Recently I read an e-newsletter article by Jane Straus from GrammarBook.com, which reminded me why we all need to continue growing our vocabulary. She used the example of how vocabulary knowledge can help us be serious readers vs intuitive readers.
At Newcastle Speech Pathology we support all readers to become ‘serious’ readers. We work to develop your individual reading and learning skills regardless of current abilities. We understand that strong language skills and a robust vocabulary are essential for literacy success.
Read on to find out why Jane Straus also encourages us to ‘never stop learning’. What new word have you learned this week?
Arcane words and the “intuitive” reader
Serious readers, when they are reading literature they consider important, routinely look up any words they do not know.
But there are also “intuitive” readers, who consider themselves of sufficient wisdom to figure out a word just by reading the sentence and trusting their life experience and common sense to grasp the writer’s meaning. Today we will try to expose this policy as wishful thinking.
The three examples below are sentences you might find in print or online. Each contains a possibly unfamiliar word which, if misinterpreted, sabotages the meaning of the sentence.
• On a blistering August morning we came upon a 1960 Buick coruscating in the sun.
Understanding coruscating is the key to understanding the sentence. The Intuitive Reader ponders the word, with its echoes of corrosion and rust, and concludes that the car was falling apart. A reader’s first impressions matter, and this reader now is picturing a broken-down old wreck. But coruscating means “sparkling.” In fact, the car in the tale has been lovingly maintained by its owner. The reader now has a distorted view of the author’s main character, and may well go on to misread the intent of the story.

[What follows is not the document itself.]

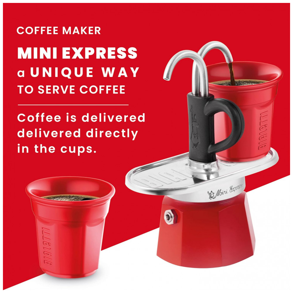 Mini Cafeteira de Café Expresso Manual Italiana 2 Xícaras, Bialetti, Vermelha: Mini Express é a melhor combinação de criatividade e inovação, entregando um expresso italiano perfeito diretamente nas xícaras Este inconfundível Bialetti Mini Express vermelho apresenta uma placa de suporte e duas xícaras de café expresso da marca Bialetti combinando Como usar Bialetti Mini Express encha a caldeira com água até o nível da válvula, encha a cesta com café e aperte bem a parte superior o café será distribuído diretamente nas xícaras embutidas, apoiado em uma placa de alumínio especial que aquece durante a preparação O tamanho do Bialetti Mini Express é medido em xícaras de café expresso, o café pode ser apreciado em xícaras de café expresso 2 incluídas Instruções de limpeza Bialetti Mini Express deve ser limpo apenas enxaguando todos os componentes com água simples, não use detergente nem coloque na máquina de lavar louça, pois danifica o produto e o sabor do seu café

• What we heard on the demo sounded like a bashful lad with a limpid voice.
The Intuitive Reader doesn’t have to look up limpid to know that the kid on the demo can forget about a singing career. You can’t make it in the music business with a “limpid” singing voice, for what else could limpid mean but “weak” or “lifeless”? But the reader has it wrong: a limpid voice is pure and crystal clear. The kid’s future looks bright. If he can sing in tune, and his material is strong, he could go places.
• The man was in a parlous condition, and a lot of his friends headed for the exit.

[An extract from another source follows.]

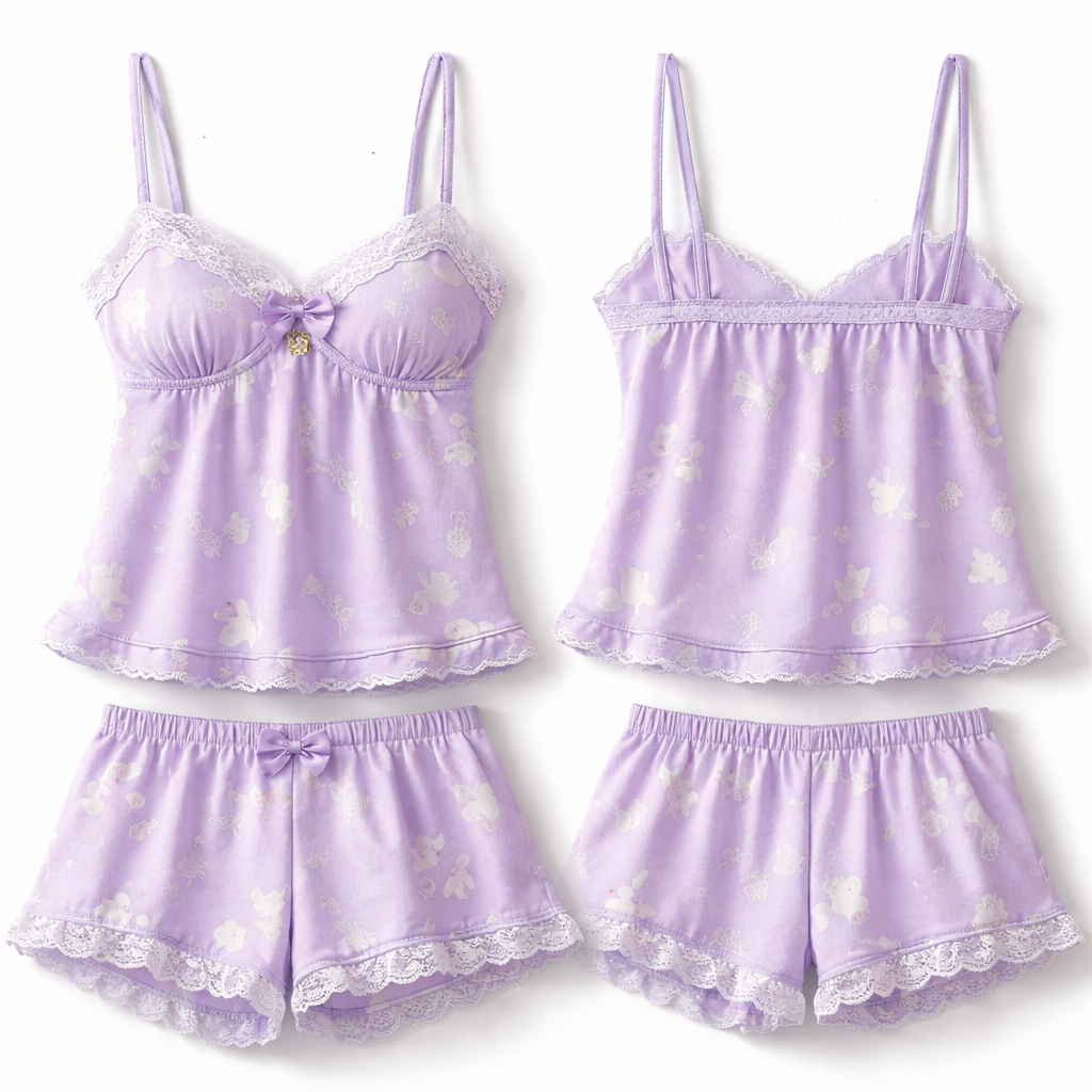 Make cute purple pjs , show front and back

Intuitive Readers know what parlez-vous françaismeans, and they know that parlance is a style or manner of speaking. So to them, this sentence might appear to tell a cautionary tale about a “parlous” fellow who gets a proper comeuppance for hogging the conversation one time too many. But in reality the situation is far darker: parlous means “dire” or “precarious.” This man is in trouble. He deserves our compassion, and his fair-weather friends deserve our scorn.
Thanks to the internet, it has never been easier or less time-consuming to look words up. Those who refuse to do so are in constant danger of missing the point.